I remember it being a hot summer day when my grandmother, my mom, and I were driving home from the store. I was around six and full of energy. That all changed when a tow-truck hit us from behind when we stopped at a light. My mother was hospitalized and I was placed in the care of my grandparents. That began six months of hell as I was forced to eat off of and sleep on the floor like a dog. I wasn’t even allowed hot water. The only thing that kept me sane was the thought of being back with my mom. Finally, my mom was allowed weekend visits with me. One particular weekend it was her birthday and I wanted to do something special for her. She always told me, “You’re not allowed to use the stove, no matter what.” So, I decided to get creative. I cracked some eggs, opened some hash browns and bacon, and poured a glass of orange juice. I covered it all up and ran to get my mom. To her surprise, she walked into the kitchen and there was a tablecloth on the floor.

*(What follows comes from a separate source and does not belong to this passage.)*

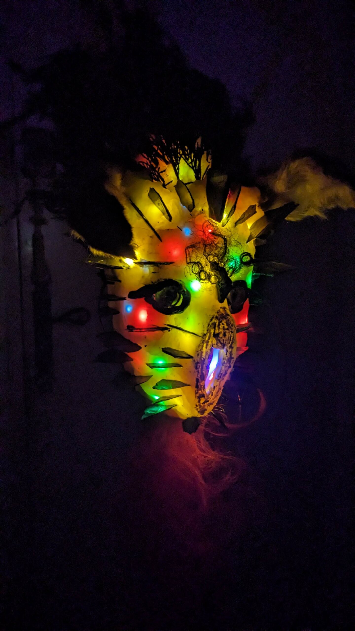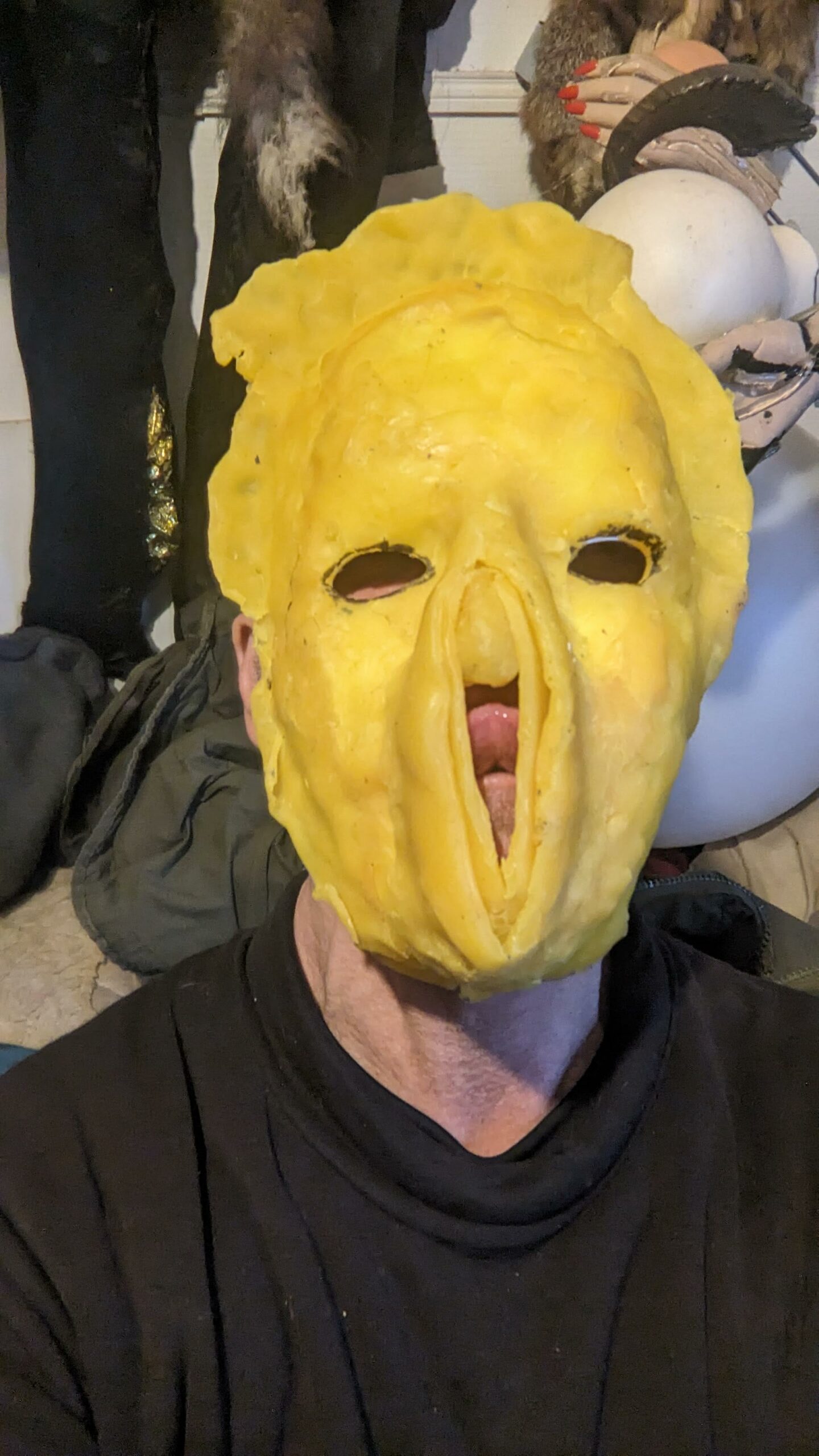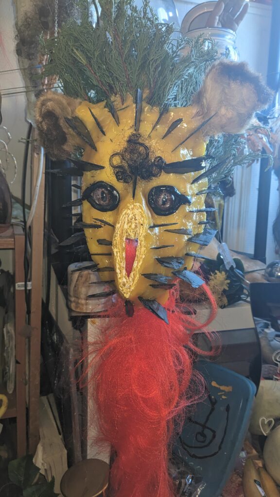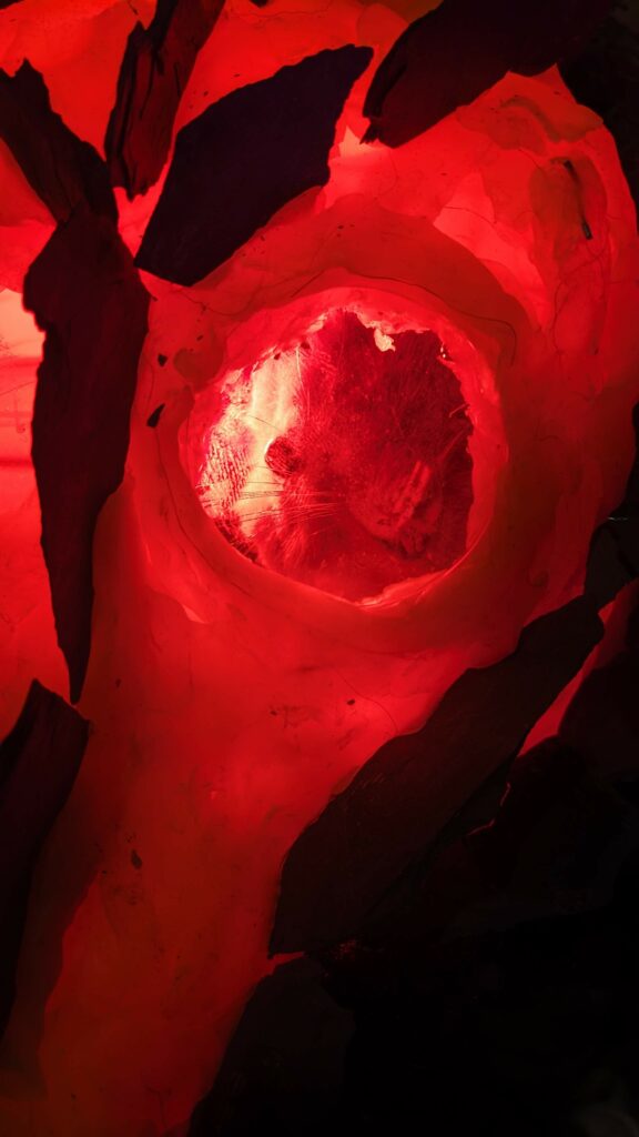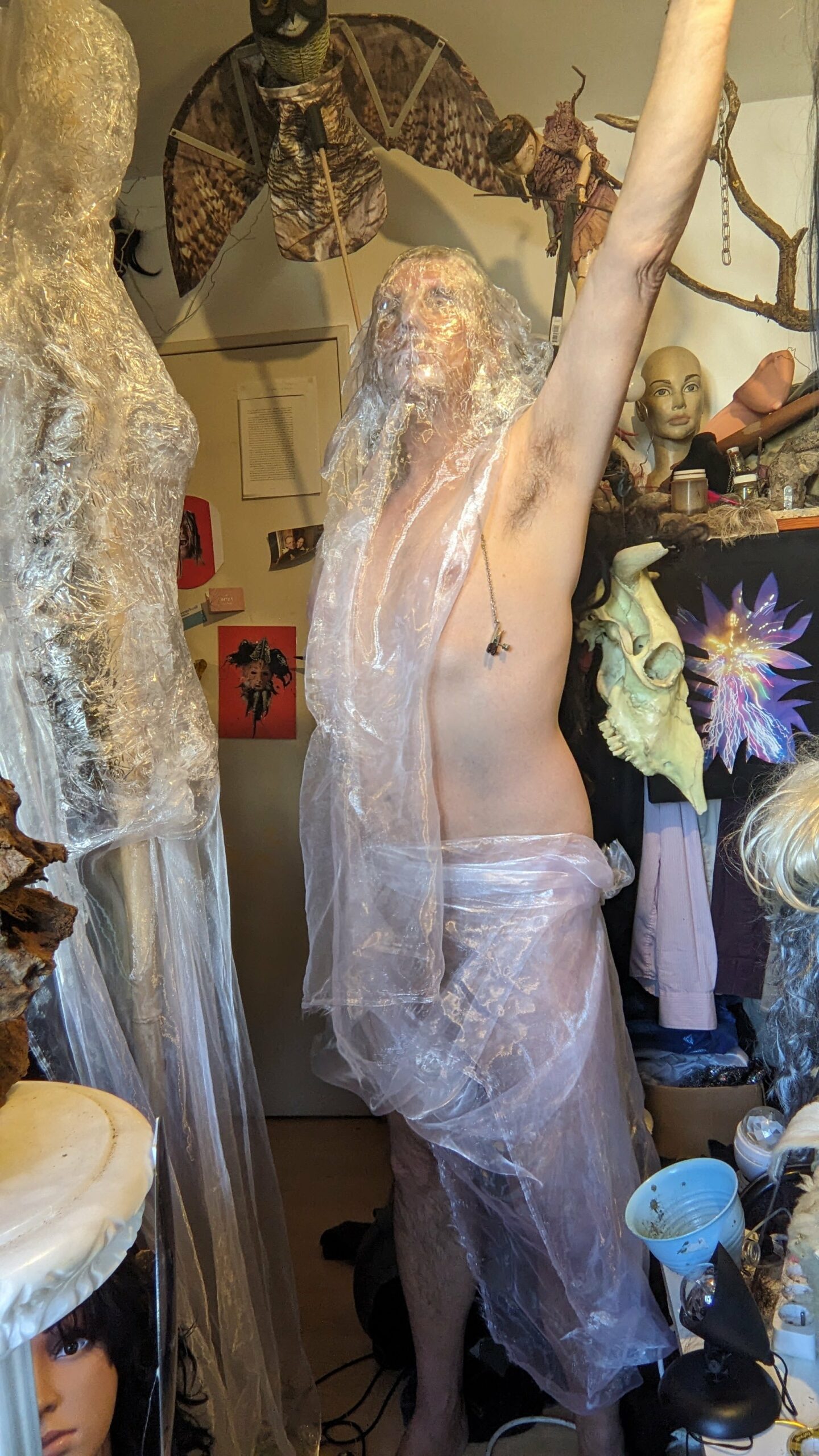 est : lampe himérinale, himérétique (favorise magiquement l’envie bestialeuse de sexe ! c’est ça, oui, oui), fixe-mâle, mobile-femelle, mélangeation de genre (animal, végértal, humain, unique-multiple, hermaaaafrodite), qui vit, qui meurt, dont la bite est baisable, qui peut s’auto-lécher le clito, qui peut faire une cunni-danse, je suis aussi la lampe et porte le masque vulvique, ha, ha, du pornolithique, petite phénoménologie de la temporalité de ma transidentité, puis aussi, contient du dedans qui contemple le dehors où nous sommes, et inversement dans l’autre sens bien sûr, ‘est prodigieux d’abymisationnement…
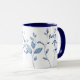 Elegant blue watercolor leaves gracefully wrap around the mug, creating a serene botanical vibe.

She lifted it up to find raw cracked eggs, raw bacon, and raw hash browns and a glass of orange juice on the floor. I didn’t even use a plate. “Happy Birthday Mom! I didn’t use the stove.” She looked back and forth between the mess and me. I really thought that she was going to be mad. She just shook her head and smiled. She gave me the biggest hug and told me that she loved me. That day taught me three things. It really is the thought that counts. Always be creative. A simple act of love and caring can bring a smile to another person. I carry this with me every day in life with the hope of bringing a smile to everyone that I meet. Rest in peace Mom… I love you too.